Читаем Заблуждение велосипеда полностью

Надпись стерлась, а сахарница еще жива. Когда мы начали работать над «Яблочным вором» в Театре сатиры, Оля Субботина привезла ко мне в гости Машу Голубкину.

– Вот эту сахарницу, Маша, нам подарил ваш дедушка.

– Какая милость! – своим неподражаемым голосом сказала Маша.

«Яблочный вор» в Сатире, с Машей в главной роли – это торжество «исторической справедливости». Папа мой работал в этом театре перед войной, и вот мой спектакль там теперь.

Странно, но день смерти папы, годовщина шестого мая, всегда бывала одним из самых радостных, веселых дней в году.
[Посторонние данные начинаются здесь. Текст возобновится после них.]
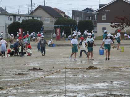10月14日(金)みんなでグラウンド整備 公開日 2022/10/14 更新日 2022/10/14 日常生活 5時間目はみんなでグラウンド整備です。 スポンジで、雑巾で水を吸い取ります。 運動会の為に、みんな本当に一生懸命に頑張ってくれました。 水は殆どなくなりました、明日乾かして、再整備して16日はよい状態で実施したいですね。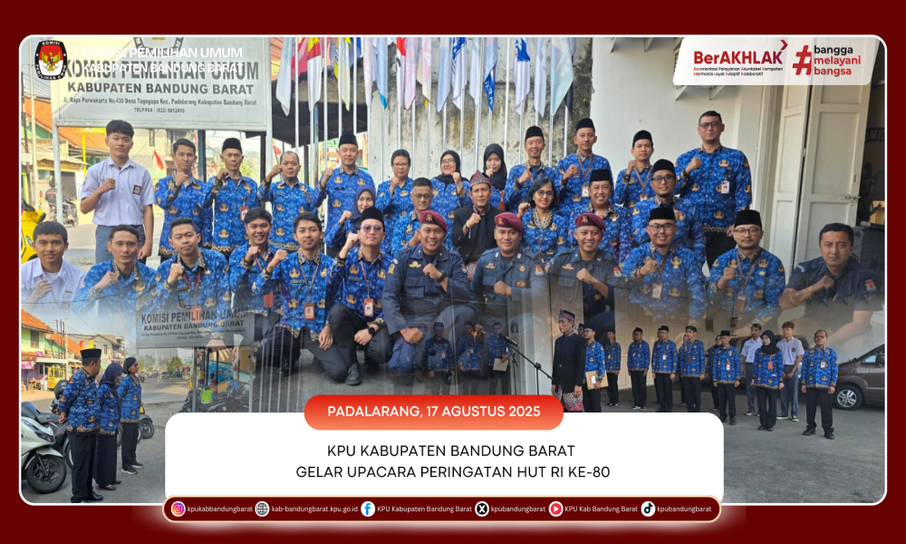 KPU BANDUNG BARAT - Komisi Pemilihan Umum (KPU) Kabupaten Bandung Barat menyelenggarakan upacara peringatan Hari Ulang Tahun (HUT) ke-80 Republik Indonesia pada Minggu, 17 Agustus 2025, bertempat di halaman Kantor KPU Kabupaten Bandung Barat. Kegiatan tersebut diikuti oleh seluruh jajaran anggota KPU, Sekretaris KPU, para kepala subbagian (kasubag), serta seluruh pegawai dengan penuh semangat kebangsaan.

Можно было не ходить в школу, потому что с утра ездили на Ваганьково, прибраться на могиле, положить цветы и еловый лапник. Если же школу пропускать не разрешали и ездили на кладбище без меня, то все равно здорово – приходишь из школы, а дома пахнет салатами, на кухне мама и тетя Муза стучат ножами, готовят и ругаются из-за политики.

– Муза, не притворяйся, ты же умный человек, ты все прекрасно понимаешь… Эта партия с этим слабоумным доведут нас до катастрофы… Уже довели! Ты знаешь, что за Уралом маргарин по карточкам?.. Дети в детдомах живут впроголодь!
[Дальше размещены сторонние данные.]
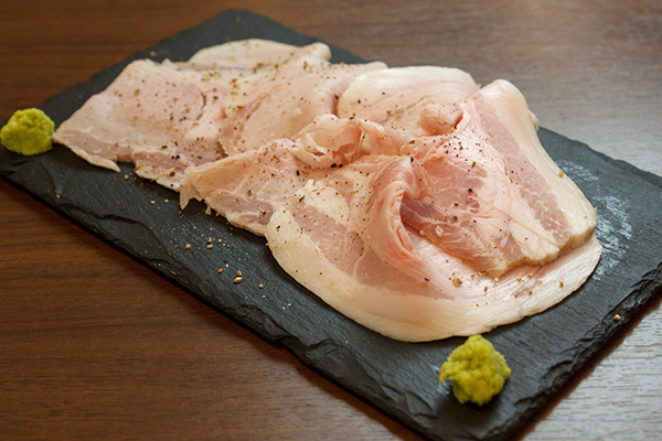 豚肉でありながら、脂身の融点がとても低くその脂はとても甘い香りがします。

– Просто поражаюсь, откуда ты берешь эти сведения? Это какие-то американские фальшивки! – обижается тетя Муза.

– Муза, я тебя просто уважать перестану! Вы с Мишей, два ветерана войны, со взрослыми сыновьями, ютитесь в двух комнатах, в пятиэтажке, а как живет всякая райкомовская шушера? Рядом с вашими пятиэтажаками отгрохали целое «Царское село», кто там будет жить? Номенклатура!
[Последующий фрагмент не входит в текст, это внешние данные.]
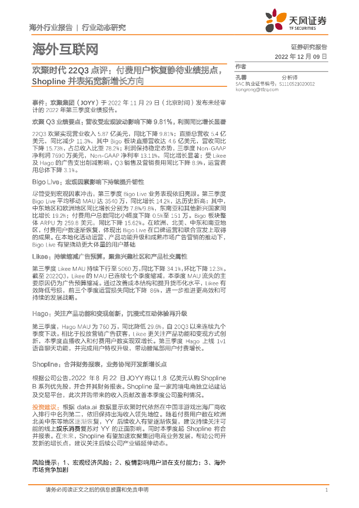 天风证券:海外互联网:欢聚时代22Q3点评:付费用户恢复静待业绩拐点,Shopline并表拓宽新增长方向.pdf

– Алла, я не хочу об этом говорить! – уязвленно восклицает тетя Муза.

– Вот-вот, значит, понимаешь, что вас обманывают, обворовывают…

– Алла, перестань!

И так хорошо становится от их привычной, уютной перепалки, так душевно…

Наконец все салаты выложены в блюда и чаши красивого английского сервиза с бело-синими полями, озерами и замками (мне всегда хотелось уйти туда, в эти тарелки, оказаться у озера), протерты до полной прозрачности все бокалы и рюмки, в большой комнате, папином кабинете, накрыты скатертями два сдвинутых стола, мама переоделась, пахнет духами из клетчатого флакончика, «Кристиан Диор», и стучит по квартире высокими каблуками, мечется, спеша что-то еще украсить, принести, прибрать, и вот раздается звонок в дверь…

Первым приходит кто-то из родственников, дядя Валерик или Леня с Наташей. Леня – старший сын моего папы, он старше меня на двадцать восемь лет (тоже никто не верит, что у меня такой брат). Он толстый, кудрявый и очень добрый, и Наташа тоже, только не кудрявая.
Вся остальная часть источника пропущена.